- **DATA SHOWN**
·····

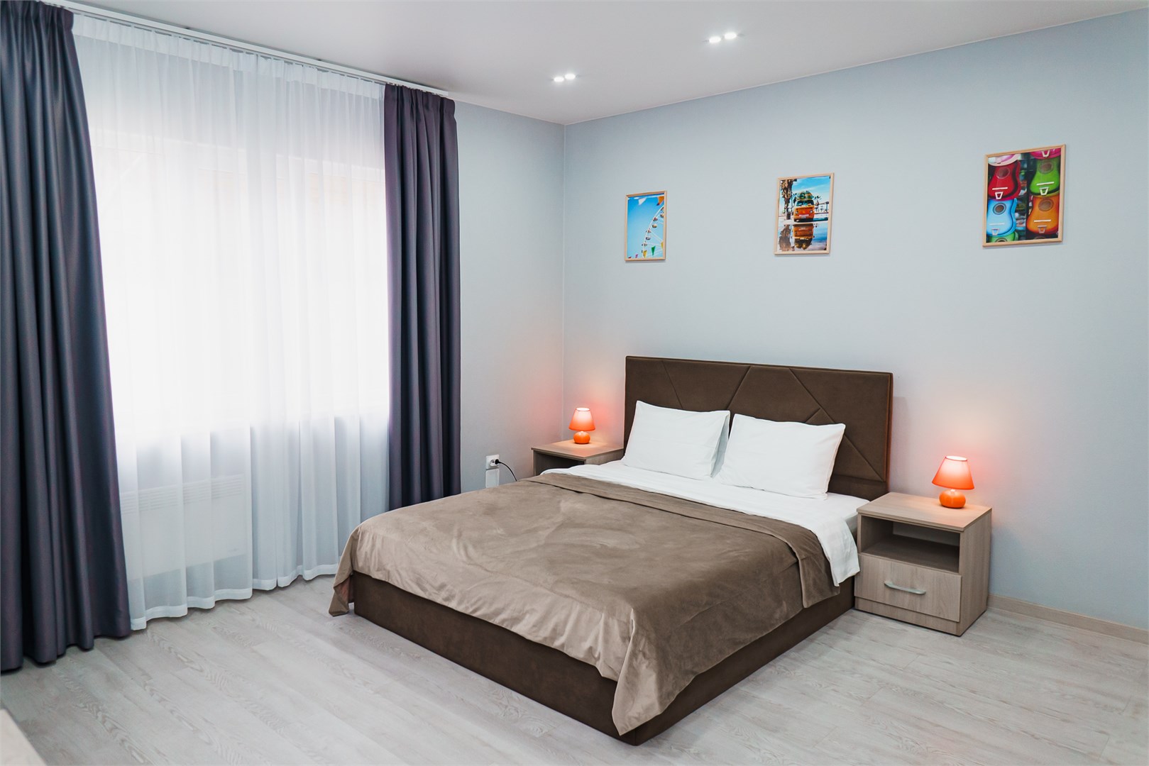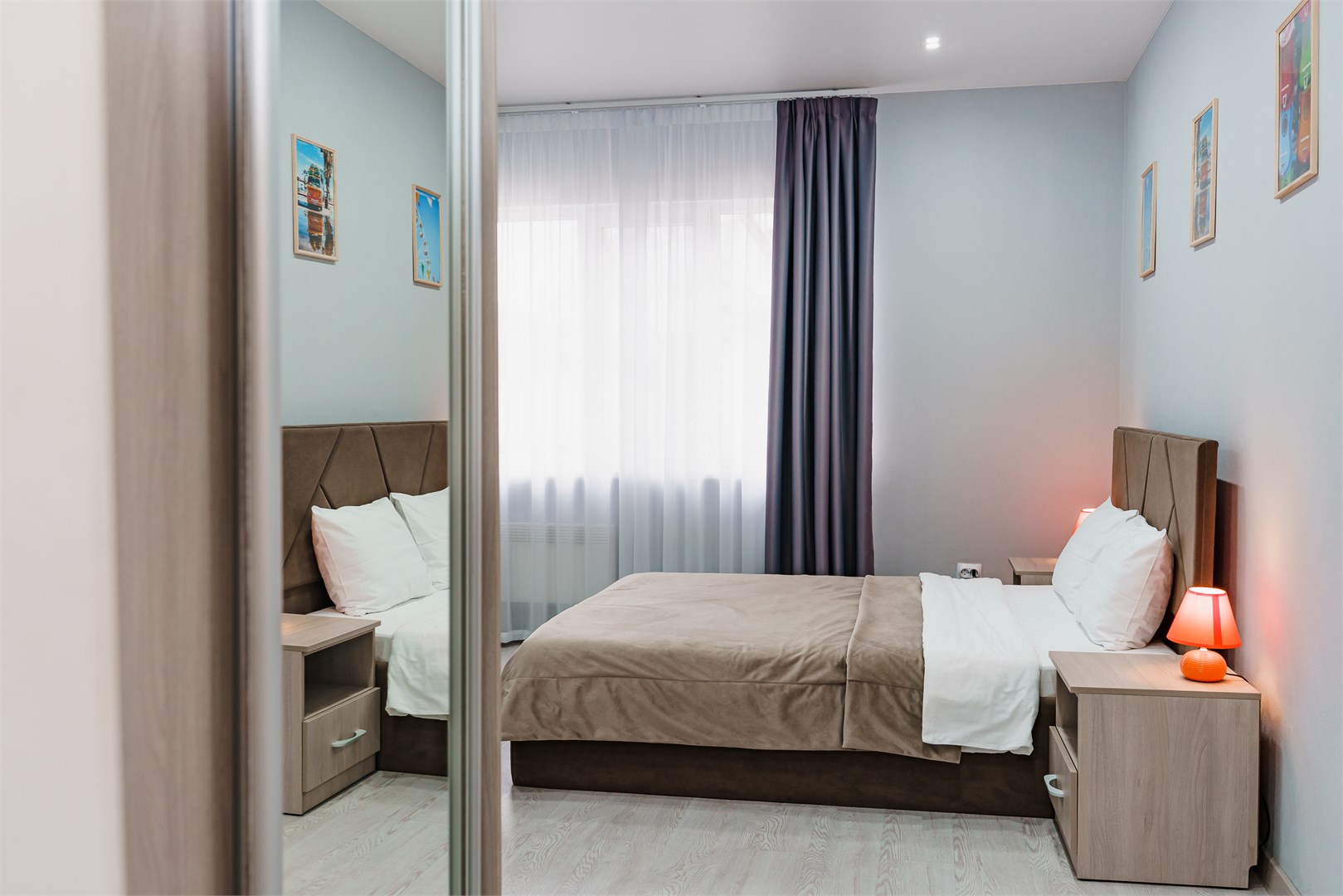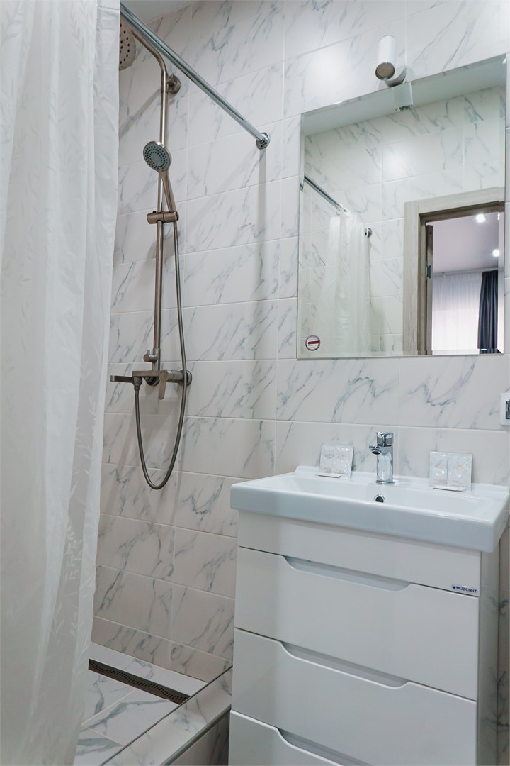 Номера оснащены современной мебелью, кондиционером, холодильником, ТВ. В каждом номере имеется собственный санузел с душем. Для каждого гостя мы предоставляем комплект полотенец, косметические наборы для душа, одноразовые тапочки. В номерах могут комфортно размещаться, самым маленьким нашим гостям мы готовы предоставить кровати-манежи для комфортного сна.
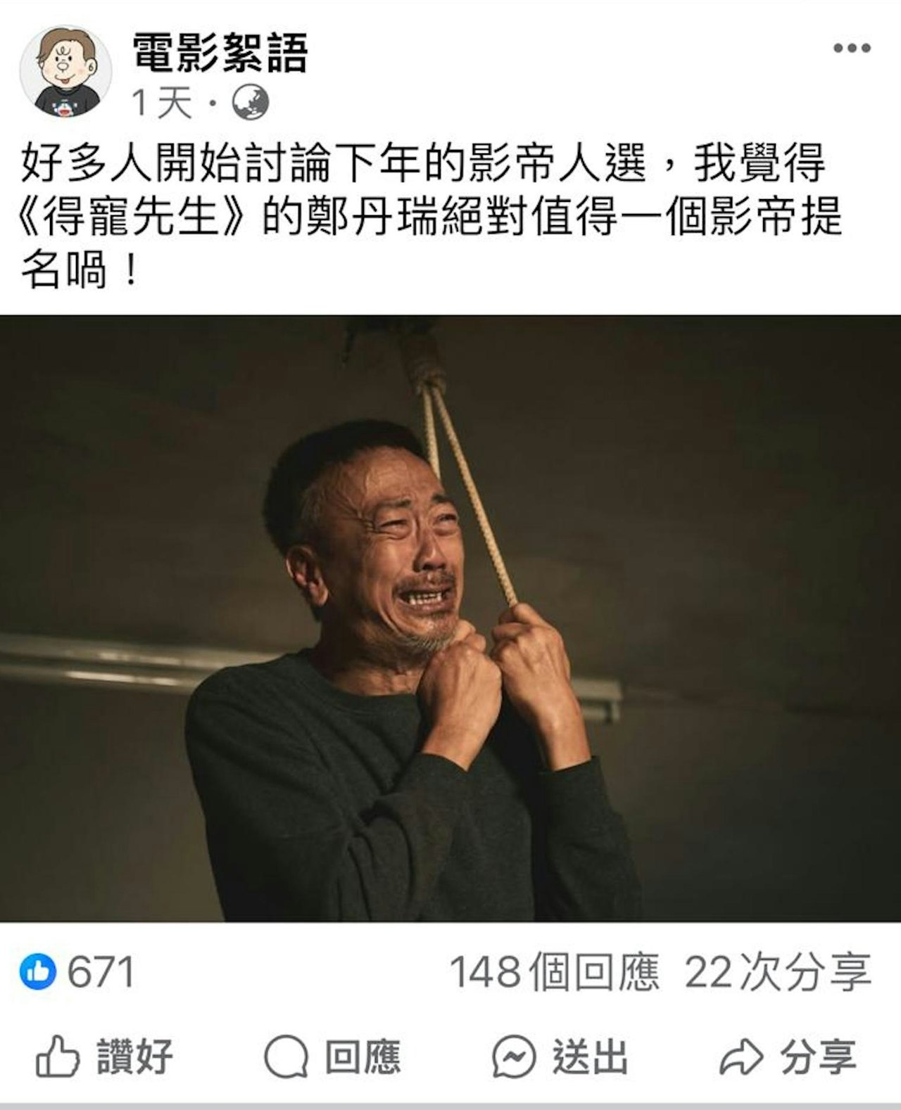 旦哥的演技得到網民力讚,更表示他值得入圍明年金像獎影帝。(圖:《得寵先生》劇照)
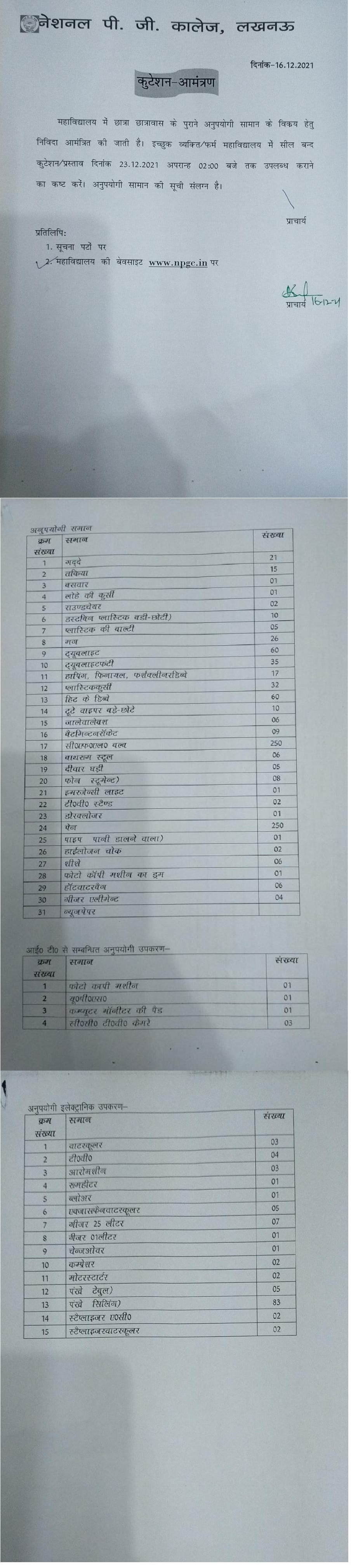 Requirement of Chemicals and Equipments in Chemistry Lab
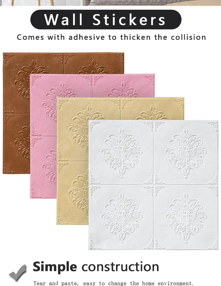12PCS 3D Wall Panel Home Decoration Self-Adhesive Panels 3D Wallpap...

·····

- **WORK INSTRUCTIONS**
Leaving the pictures out, set down all of the data again exactly.

- **SOLUTION TO THE EXERCISE**
 Номера оснащены современной мебелью, кондиционером, холодильником, ТВ. В каждом номере имеется собственный санузел с душем. Для каждого гостя мы предоставляем комплект полотенец, косметические наборы для душа, одноразовые тапочки. В номерах могут комфортно размещаться, самым маленьким нашим гостям мы готовы предоставить кровати-манежи для комфортного сна.
 旦哥的演技得到網民力讚,更表示他值得入圍明年金像獎影帝。(圖:《得寵先生》劇照)
 Requirement of Chemicals and Equipments in Chemistry Lab
12PCS 3D Wall Panel Home Decoration Self-Adhesive Panels 3D Wallpap...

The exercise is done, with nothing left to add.